* [DATASET EXCERPT]:

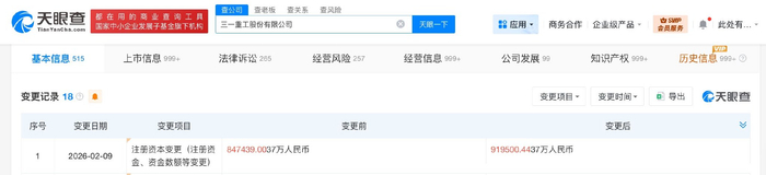 雷达财经讯,天眼查App显示,近日,三一重工(600031)发生工商变更,注册资本由约84.74亿人民币增至约91.95亿人民币,增幅约8.5%。
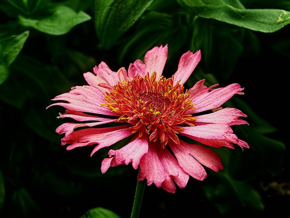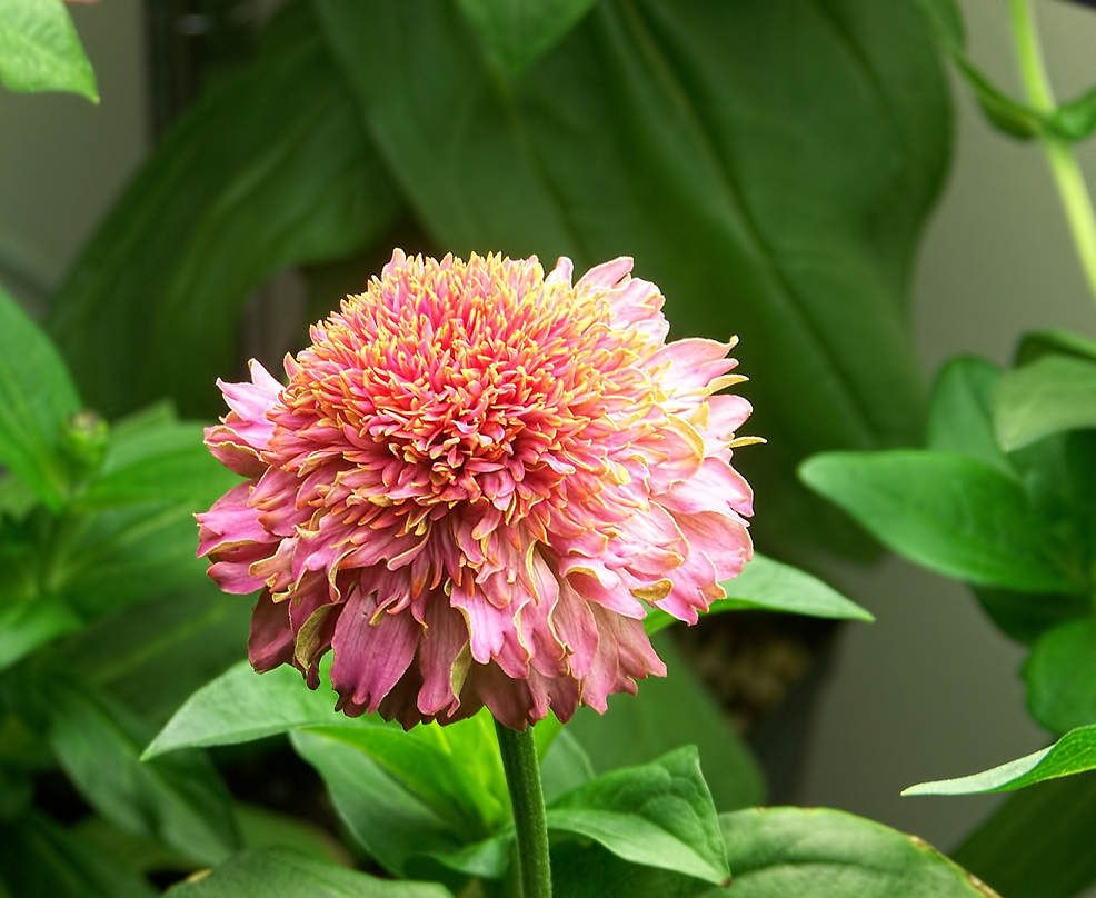 Another zinnia that gives some very interesting crosses are the scabiosa flowered strains. None of them have commercial strains that have a high degree of purity, so you can expect a high percentage of off-type specimens with them, but they are a rather small zinnia (in flower size) that benefits from being crossed with larger zinnias. The advantage of adding a third zinnia to your mix is that you have three possible crosses versus only one for two types. And if you add a fourth type, the number of different combinations jumps to six. The more the merrier. This is one of my specimens with scabiosa flowered heritage.
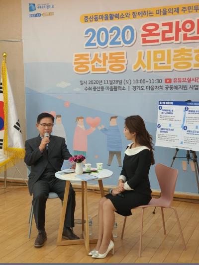 고양시 중산동(동장 길영훈) 마을활력소(추진위원장 안종율)는 지난 11월 28일 주민자치센터 5층 다목적실에서 ‘2020 온라인 중산동 시민 총회’를 개최했다. 행사는 코로나19 방역수칙을 준수하며 비대면 온라인 유튜브 실시간 방송으로 이뤄졌다.
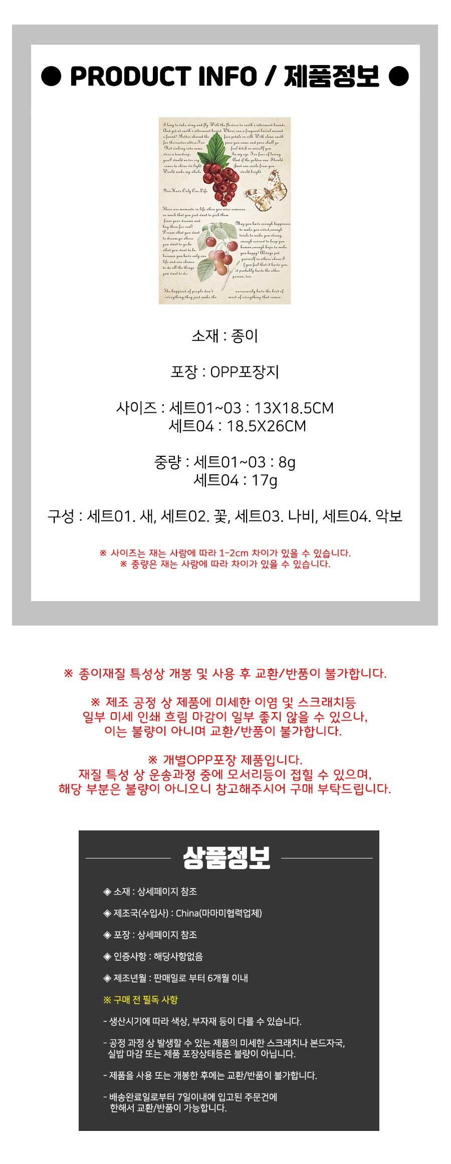 레트로 빈티지 악보,꽃과 새,영문 엽서 양면 종이 장식 촬영 소품 세트 (4장 8페이지)

* [TASK REQUIREMENTS]:
Reprint all the data above verbatim, excluding pictures.

* [TASK RESULT]:
 雷达财经讯,天眼查App显示,近日,三一重工(600031)发生工商变更,注册资本由约84.74亿人民币增至约91.95亿人民币,增幅约8.5%。
 Another zinnia that gives some very interesting crosses are the scabiosa flowered strains. None of them have commercial strains that have a high degree of purity, so you can expect a high percentage of off-type specimens with them, but they are a rather small zinnia (in flower size) that benefits from being crossed with larger zinnias. The advantage of adding a third zinnia to your mix is that you have three possible crosses versus only one for two types. And if you add a fourth type, the number of different combinations jumps to six. The more the merrier. This is one of my specimens with scabiosa flowered heritage.
 고양시 중산동(동장 길영훈) 마을활력소(추진위원장 안종율)는 지난 11월 28일 주민자치센터 5층 다목적실에서 ‘2020 온라인 중산동 시민 총회’를 개최했다. 행사는 코로나19 방역수칙을 준수하며 비대면 온라인 유튜브 실시간 방송으로 이뤄졌다.
 레트로 빈티지 악보,꽃과 새,영문 엽서 양면 종이 장식 촬영 소품 세트 (4장 8페이지)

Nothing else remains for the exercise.